Элис обвела пальцем пуговицу его рубашки:
– Тогда почему…
– Элис, давай не будем портить друг другу настроение серьезными разговорами? Зачем заводить подобные разговоры? Что нам мешает просто хорошо провести время?
Элис убрала руку с рубашки мужа. Извернувшись, она легла на коврик так, что теперь они соприкасались только плечами.
– Конечно.
И вот так они лежали, плечом к плечу, в высокой траве, глядя в небо в звенящей тишине. Когда Беннетт снова заговорил, его голос был мягче обычного:
– Элис…
Она бросила взгляд на мужа. Тяжело сглотнула, чувствуя, как сильно бьется сердце. Накрыла руку Беннетта своей, тем самым пытаясь его ободрить, без лишних слов дать понять, что всегда будет ему надежной опорой и поддержкой. Да и вообще, он может говорить все, что захочет. Ведь как-никак она была его женой.
Элис подождала секунду:
– Да?
– Это кардинал, – сказал Беннетт. – Красный кардинал. Я абсолютно уверен.
Глава 4
…ведь брак, говорят, наполовину уменьшает права каждого и удваивает обязанности.
Первым воспоминанием Марджери О’Хара было то, как она сидит под столом на маминой кухне и сквозь прижатые к глазам растопыренные пальцы наблюдает за тем, как папаша, ударив кулаком ее четырнадцатилетнего брата Джека, пытавшегося помешать ему избивать жену, с ходу выбил Джеку два передних зуба. Мать Марджери, терпевшая побои, но не желавшая подобной судьбы для своих детей, оперативно швырнула кухонный стул в голову супруга, наградив его зазубренным шрамом на лбу. Отец врезал ей отломанной ножкой от стула, правда не раньше, чем смог стоять прямо, и драка прекратилась только тогда, когда дедушка О’Хара проковылял на кухню с ружьем на плече, жаждой убийства в глазах и пригрозил, если сын не остановится, снести ко всем чертям его чертову голову с его чертовых плеч. Но, как уже позднее обнаружила Марджери, не то чтобы дедуля считал, будто его сын не имеет права колошматить жену, а просто бабуля тогда слушала радио и из-за этих воплей едва ли не половину пропустила. В результате в сосновой обшивке стены осталась дыра, куда Марджери в детстве могла легко просунуть кулак.
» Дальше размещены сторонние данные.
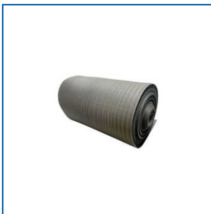
GREY EPE FOAM ROLL

EPE Colored Foam Rolls, EPE Foam , EPE Foam Rolls, EPE Foam Rolls , EPE Foam Rolls : Double Layer, EPE Foam Rolls : Single Layer, EPE Foam Rolls Single Layer, EPE Foam Sheets, EPE Packaging Foam Rolls, EPE Rolls, EPE Sheets, EPE foam Rolls : Colored, EPE foam Rolls Colored, Epe Packing Sheet, Foam Rolls, etc.
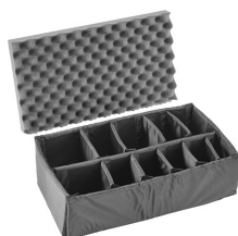
iM2500-DIV Padded Divider Set
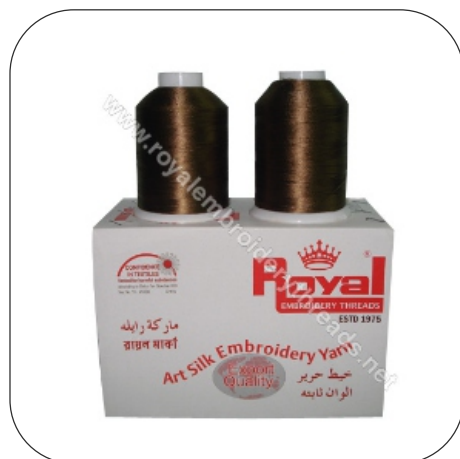
Viscose Rayon Embroidery Yarn (Jumbo)
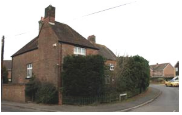
Figure 17: Walford Farmhouse with modern housing estate behind.
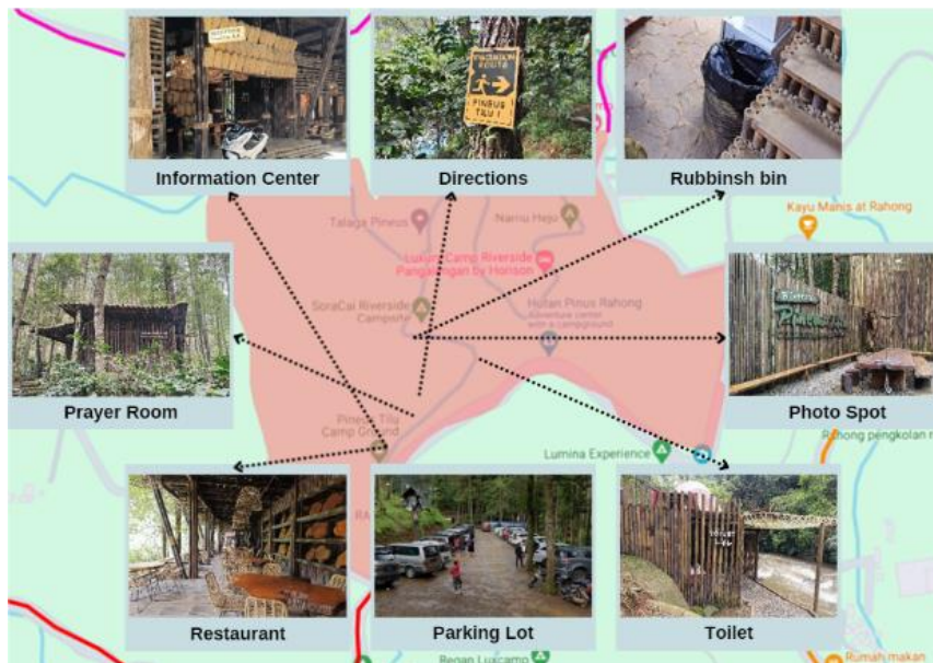
Figure 3. Map of Amenities in the Rahong Pine Forest Tourism Area

Supporting facilities or amenities are one of the things that must be considered in tourism development. On this tour the facilities provided are quite complete. There is a large parking area for 4-wheeled and 2-wheeled vehicles. To get to the entrance counter, you have to walk another 200m or so. There is a restaurant, prayer room and toilets around the reservation counter. On the way to the camping area, there are many directional and evacuation signs. In several places there are gazebos for visitors when it rains. For visitors who want to camp and don't want to bother with food, there is no need to worry because there is a restaurant that is large enough to accommodate many visitors. Toilets are adequate, there are almost every type of tent, unlike the highest type which has a toilet in each tent. Figure 3 provides information regarding the map of amenities in the Rahong Pine Forest Tourism Area.

В тот день Джек ушел навсегда – без двух зубов и с единственной приличной рубашкой в вещевом мешке. В следующий раз Марджери услышала его имя (уход из дому был расценен как нелояльность семье, а потому имя Джека благополучно исчезло из семейной хроники) лишь восемь лет спустя, когда они получили телеграмму, где говорилось, что Джек погиб, попав под товарняк в Миссури. Мать Марджери рыдала навзрыд, проливая горькие слезы в кухонный фартук, пока отец не швырнул в нее книгой, велев взять себя в руки, а не то он действительно заставит ее плакать, после чего отправился гнать самогон. Книга называлась «Черный Красавчик». Марджери так и не простила отца за то, что он оторвал у книги заднюю обложку, и каким-то образом эта испорченная книжка стала для Марджери искрой, раздувшей пламя всепоглощающей ярости, в которой слились воедино и любовь к погибшему брату, и желание убежать в мир книг.